───── Data supplied ─────
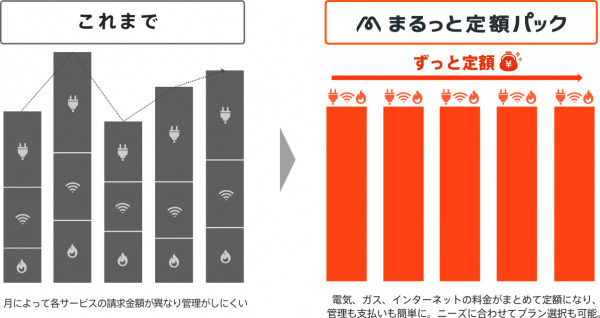 電気、ガス、そして現代の生活に不可欠なインターネット回線を1つの窓口に“まるっと”まとめ、毎月の支払額を定額化することで、利用者の家計管理を簡便化するサブスクリプションモデルで、電気・インターネットのみならず、ガスについても基本的には定額となることを前提としたサービスという点では業界初(※5)となります。
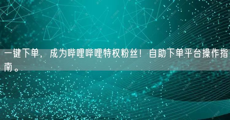 一键下单,成为哔哩哔哩特权粉丝!自助下单平台操作指南。
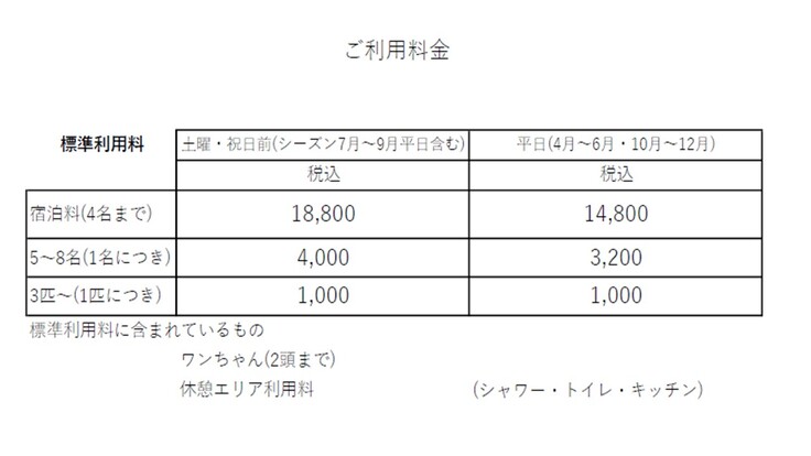 4名様まで、土曜日・祝日前18800円(4700円/人) 平日14800円(3700円/人)
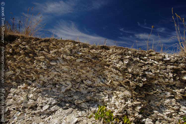 I headed back towards my car. On the way, I encountered a half-meter-or-so dropoff that I would have to mount. The dropoff was interesting in that it revealed that the land above was composed of a thick layer of (oyster, I presume) shells. |
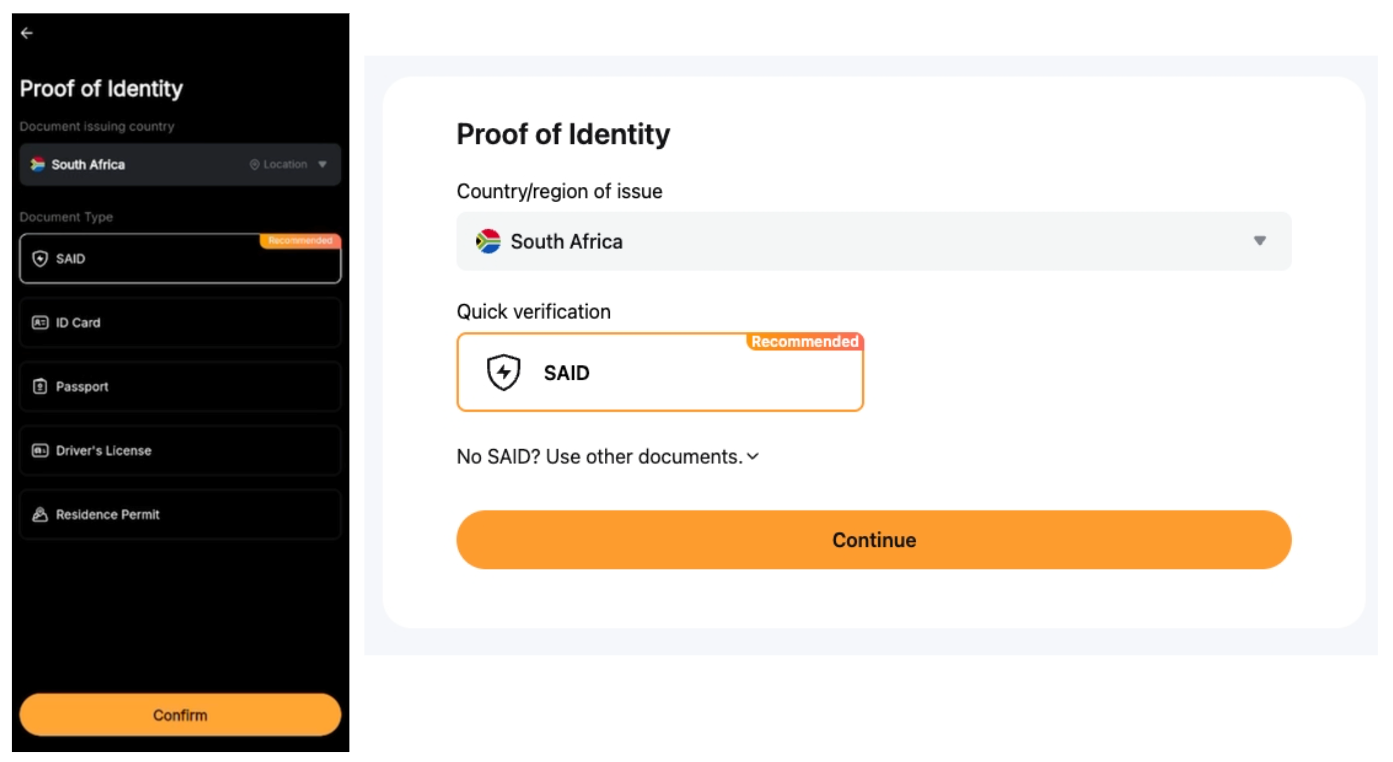 南非居民可以使用當地證件類型完成身份認證:SAID(南非身份證)。
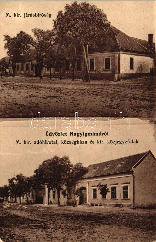 Nagyigmánd, Járásbíróság, adóhivatal, községháza, közjegyzői lak https://www.darabanth.com/hu/21-Nagyaukcio/21.1/Magyar-kepeslapok/Magyarorszag~7337/Nagyigmand-Jarasbirosag-adohivatal-kozseghaza-kozjegyzoi-lak~II1066426
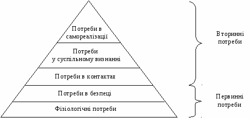 Первинні – це потреби, які виникають із народженням, без задоволення яких людина взагалі не може нормально функціонувати. До таких потреб можна віднести потреби фізіологічні та потреби в захисті.
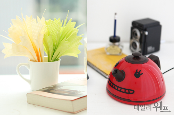 [사진. 왼쪽부터 미스터 에코_미스터 부케, 디자인 에버_페이스 티팟 음이온 미니 주전자 가습기]
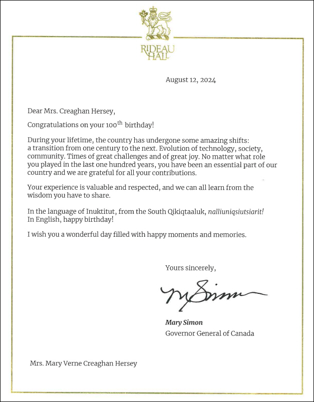 Mary Creaghan Hersey Celebrated Her 100th Birthday on August 12, 2024.
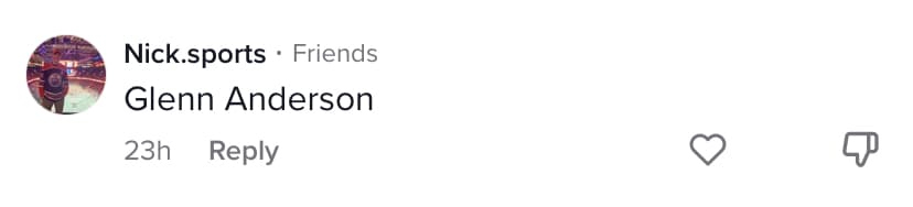 Shoutout to the kids on TikTok who know who Glenn Anderson is. From what I’ve gathered after reading the social comments, Anderson seems to be the clear winner next to a current-day Edmonton Oiler! After taking a few more looks, Anderson might have a Top 3 caterpillar in NHL history. I really hope I used that term correctly.
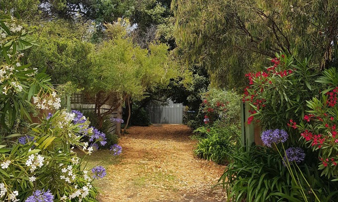 This seaside cottage is located in a natural treed environment which allows for privacy, peace and quiet. It is located in walking distance to the Blairgowrie back beach and a five minute drive to the safe swimming bay. A ten minute drive will get you to the heart of Sorrento for coffee and a leisurely stroll. The large natural garden is ideal for sitting quietly and relaxing or reading your favourite book. A large decking surrounds the cottage and provides a great place to sit and relax and enjoy the cool ocean breeze.
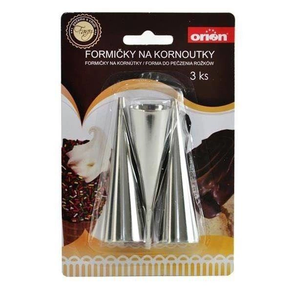 Cu aceste forme pentru cornete pregătiți cu ușurință rulouri umplute cu cremă, fructe sau umplutură cu brânză. Sunt ideale pentru aluaturi foietaj, dospite și alte tipuri de aluaturi, iar datorită oțelului inoxidabil robust vă vor servi mulți ani. Produs original marca ORION, conform standardelor europene de calitate.
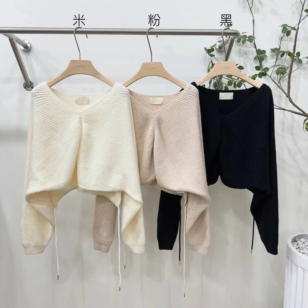 尼龍+壓克力 v領短版設計 下擺綁繩設計
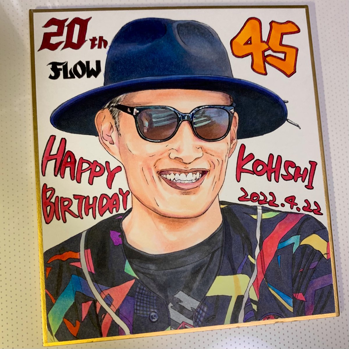 KOHSHIさん 誕生日おめでとうございます✨🎉 【FLOW】Vocal『KOHSHI』㊗️45歳😎 バースデー記念イラスト色紙 2022 FLOW 20th ANNIVERSARY【突入企画】 FLOWバースデー色紙約4年ぶりの復活です‼️ 長らくお待たせ致しました!!! 次回、KEIGO🌟 #KOHSHI誕生祭 #26ers #FLOWの賽は投げられたツアー
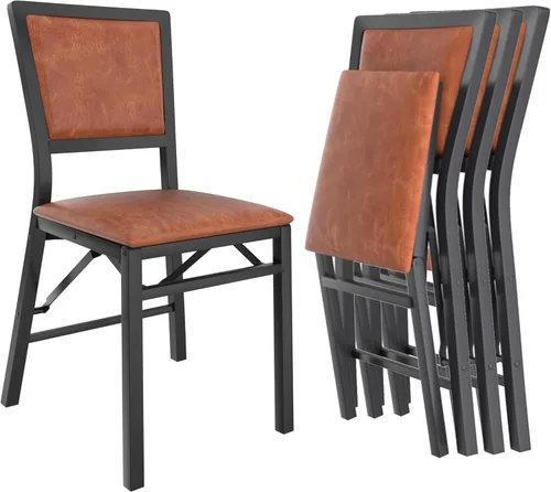 VECELO Paquete de 4 sillas plegables con cojín: cómodas y ahorran espacio para comedor, cocina y sala de estar
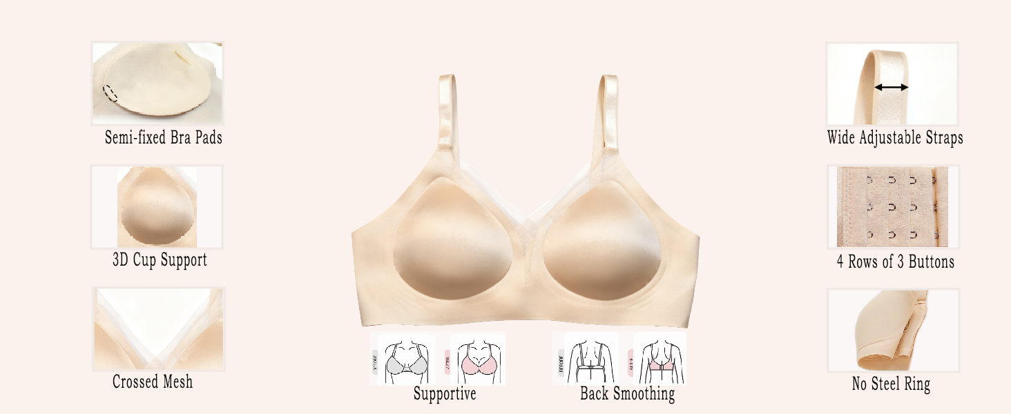 Full coverage: Full coverage bra and widened side wings design, effectively smooth out back fat and underarm bulges, without showing through tight-fitting clothing, which can shape more natural and smooth curves. Delicate crisscross and triangle mesh design that integrates breathability and elegance, enhancing comfort and fit. The semi-fixed pads maintain perfect positioning even after repeated washes
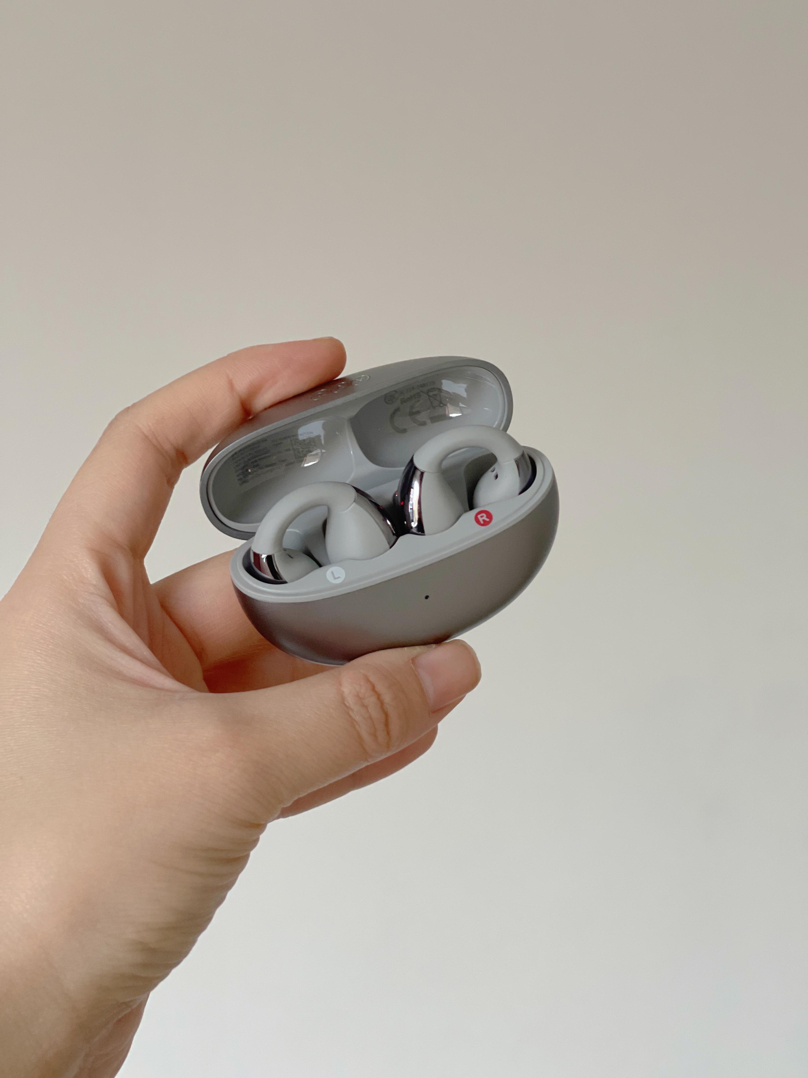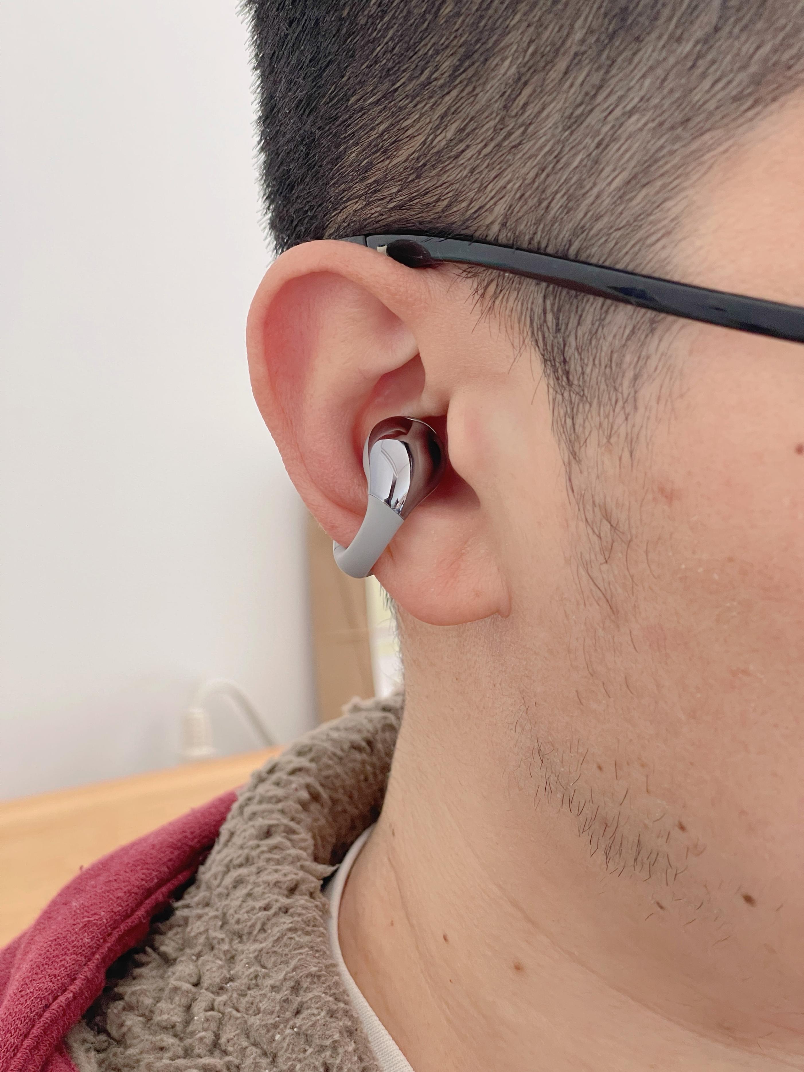 真正引起我好奇的,还是耳机本体的造型。它采用了明显的银色外观,给人一种低调又具金属质感的时尚感。与入耳式、半入耳式都不同,C30S看上去就像两个贴合耳廓的小夹子,体积很轻,似乎戴上后不会产生“坠耳朵”的感觉。拿在手里能够明显感受到它的分量非常轻盈,尤其对比以前使用过的传统真无线耳机,这种“轻量化”让人对佩戴舒适度更加期待。
─────
Transcribe only the lines above that start at the line containing "I headed back" and end at the line containing "Shoutout to the". Omit pictures.

 I headed back towards my car. On the way, I encountered a half-meter-or-so dropoff that I would have to mount. The dropoff was interesting in that it revealed that the land above was composed of a thick layer of (oyster, I presume) shells. |
 南非居民可以使用當地證件類型完成身份認證:SAID(南非身份證)。
 Nagyigmánd, Járásbíróság, adóhivatal, községháza, közjegyzői lak https://www.darabanth.com/hu/21-Nagyaukcio/21.1/Magyar-kepeslapok/Magyarorszag~7337/Nagyigmand-Jarasbirosag-adohivatal-kozseghaza-kozjegyzoi-lak~II1066426
 Первинні – це потреби, які виникають із народженням, без задоволення яких людина взагалі не може нормально функціонувати. До таких потреб можна віднести потреби фізіологічні та потреби в захисті.
 [사진. 왼쪽부터 미스터 에코_미스터 부케, 디자인 에버_페이스 티팟 음이온 미니 주전자 가습기]
 Mary Creaghan Hersey Celebrated Her 100th Birthday on August 12, 2024.
 Shoutout to the kids on TikTok who know who Glenn Anderson is. From what I’ve gathered after reading the social comments, Anderson seems to be the clear winner next to a current-day Edmonton Oiler! After taking a few more looks, Anderson might have a Top 3 caterpillar in NHL history. I really hope I used that term correctly.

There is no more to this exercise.